▸ **ASSIGNED TASK**
Starting with the line where "那么除了预期收益率、分红与套" appears, print every line through the end of the entries below exactly as it stands, and leave out the pictures.

Records from a dataset:
_____
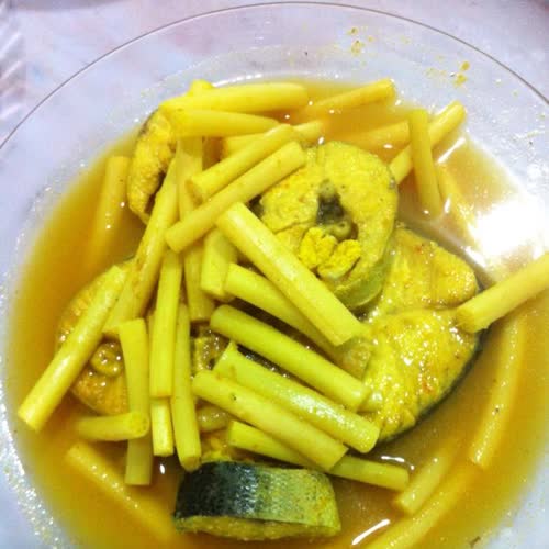 | คำอธิบาย : แกงเหลืองปลากับสายบัว |
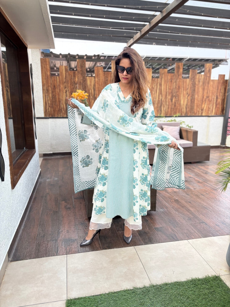 Cotton Kurta with Embroidery on the Neckline. Dupatta is Optional. * Length : 48 inches
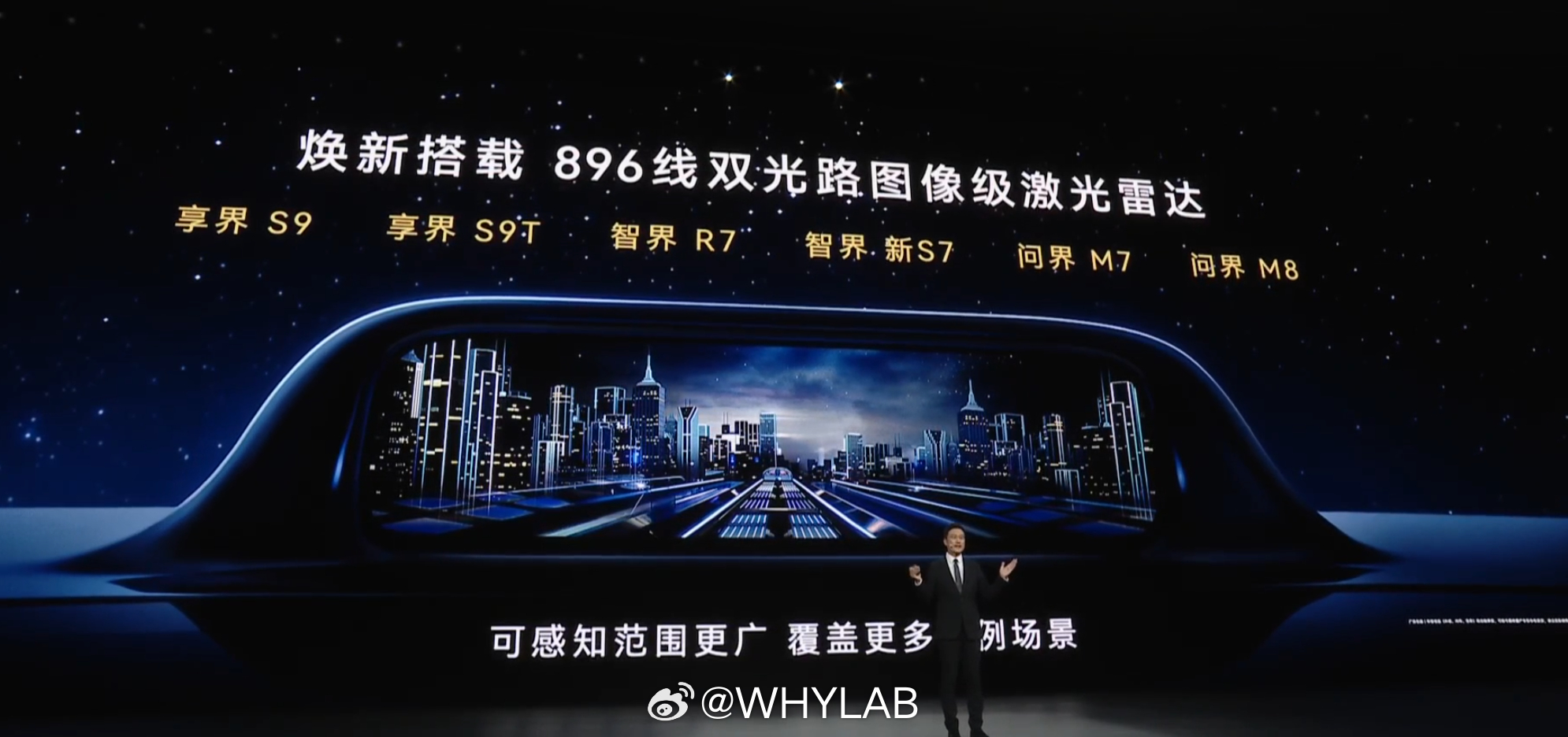 享界 S9T、享界 S9、智界 R7、智界新 S7、问界 M7、问界 M8 焕新搭载 896 线双光路图像级激光雷达。
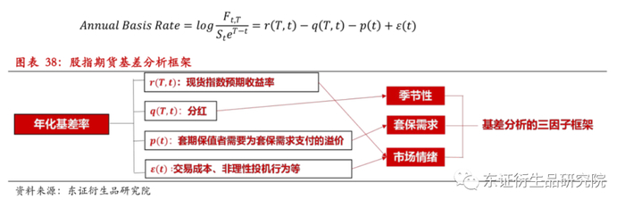 那么除了预期收益率、分红与套保需求,由市场非理性的投机行为导致的基差变动,我们统一将其归为市场情绪影响的范畴,以误差项表示,将定价公式稍作变形我们就得到了股指期货年化基差率的理论定价公式:
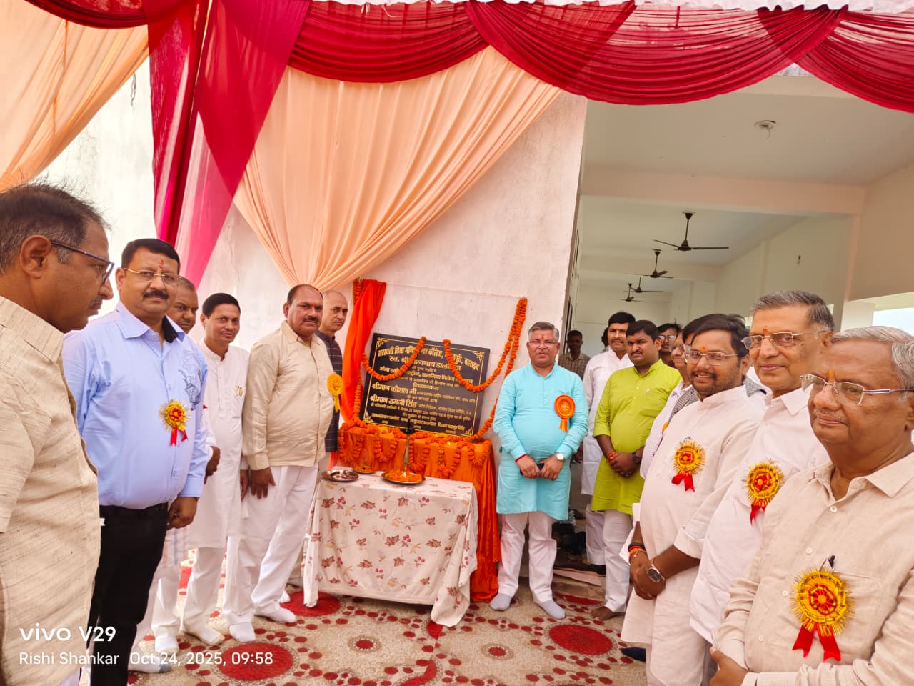 विमल डालमिया जी, प्रमोद डालमिया जी एवं प्रांत प्रचारक जी ने अपने कर-कमलों से शिक्षण कक्षों का शिलान्यास किया।
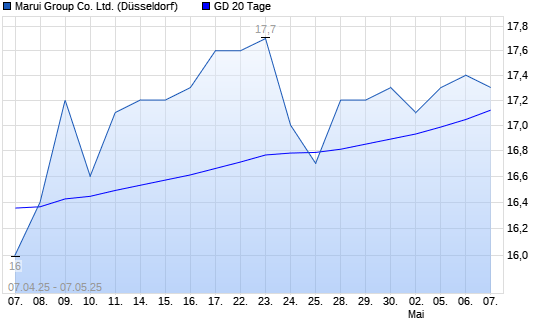 Mit dem Anstieg auf 17,40 EUR hat die Marui Group-Aktie am 06.05.2025 die 20-Tage-Linie nach oben gekreuzt.
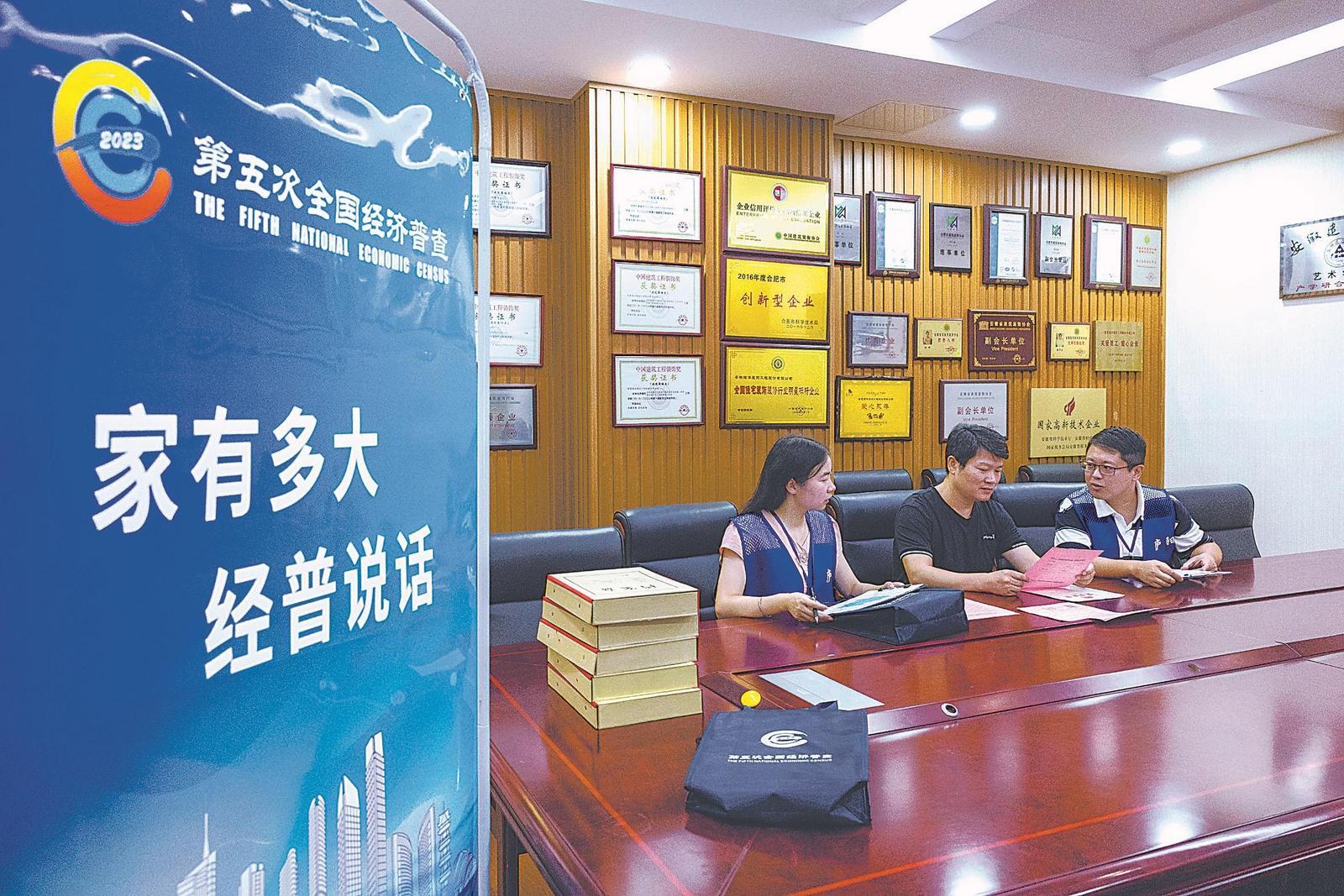 8月23日,在合肥廬陽經濟開發區,經濟普查員正在走訪轄區企業、個體工商戶,開展第五次全國經濟普查(普查標準時點為2023年12月31日)宣傳工作。據悉,該開發區通過準確劃分普查區和普查小區,繪制普查地圖,組織104名普查員進行逐戶清查,分類填表,確保普查對象不重不漏。
_____
▸ **THE COMPLETED TASK**
 那么除了预期收益率、分红与套保需求,由市场非理性的投机行为导致的基差变动,我们统一将其归为市场情绪影响的范畴,以误差项表示,将定价公式稍作变形我们就得到了股指期货年化基差率的理论定价公式:
 विमल डालमिया जी, प्रमोद डालमिया जी एवं प्रांत प्रचारक जी ने अपने कर-कमलों से शिक्षण कक्षों का शिलान्यास किया।
 Mit dem Anstieg auf 17,40 EUR hat die Marui Group-Aktie am 06.05.2025 die 20-Tage-Linie nach oben gekreuzt.
 8月23日,在合肥廬陽經濟開發區,經濟普查員正在走訪轄區企業、個體工商戶,開展第五次全國經濟普查(普查標準時點為2023年12月31日)宣傳工作。據悉,該開發區通過準確劃分普查區和普查小區,繪制普查地圖,組織104名普查員進行逐戶清查,分類填表,確保普查對象不重不漏。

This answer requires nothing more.